If you can complete a PhD and find a job as a lecturer (obviously hard work), you get to lecture about your passion, and it's a stipulation as a lecturer (at least at my uni) that one conducts scientific research. This research could be reptile-oriented...VOILA!


----------



## RMG (Jun 10, 2007)

Although nearly everyone above has mentioned doing a degree of some sort to become a "herpetologist" it's not necessarily the route that you have to take, but it is getting harder to conduct any form of research without some kind of formal qualification.

IN my opinion, the underestimation of what are now classed 'semi-professional' (as opposed to amateur) herpetologists is at the peril of the field of herpetology.

I personally have a masters but a lot of the people I work with in the field, and consider truly experts, are 'lay people' i.e those without formal qualifications.

These people know just as much, if not more, than many tenure track academics that work in the same area and can be easier to work with for many reasons, the lack of academic snobbery being a major one of them in my opinion.

The fact that they have put themselves in their position by spending their own money, time or by just living with herps to gain their own experience means that you can work with truly passionate and knowledgeable people (that is not to say that academics are not passionate and knowledgeable about what they do).

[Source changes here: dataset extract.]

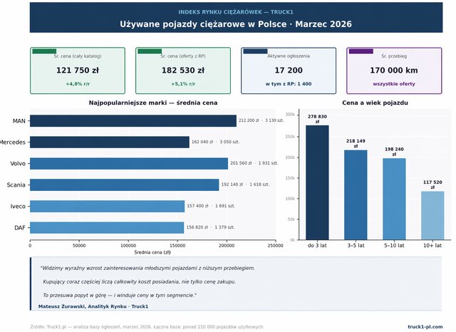 W bazie Truck1 największą liczbą ogłoszeń dysponują MAN (3 130 pojazdów, średnia cena 212 200 PLN) i Mercedes-Benz (3 050 szt., 162 040 PLN). Wyżej wyceniane są Volvo i Scania — 201 560 PLN i 192 140 PLN. Najtańszą opcją w zestawieniu pozostaje DAF — średnio 156 820 PLN przy 1 379 ogłoszeniach.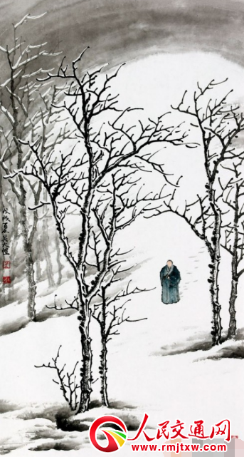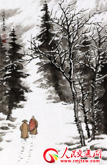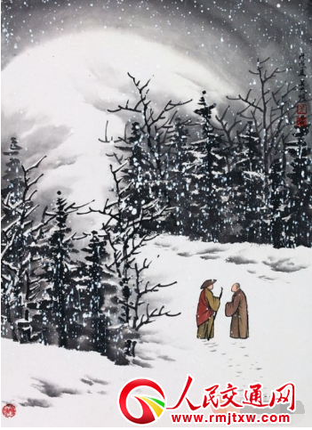 吳大愷潛心之作國(guó)畫(huà)《雪中參禪》來(lái)源:易從網(wǎng)

My point being, if you want to become a "herpetologist" in its broadest sense learn as much as you can from as many relevant sources as possible e.g books, eco-tourism, volunteering, relevant courses etc..and you can become just as good as the rest of 'em. 
The main thing is to show an interest, ask questions and be proactive. 

You just need to find your own little niche in this massive field


----------



## Cleopatra the Royal (Nov 29, 2008)

Thanks for all the great advice!

Harry


----------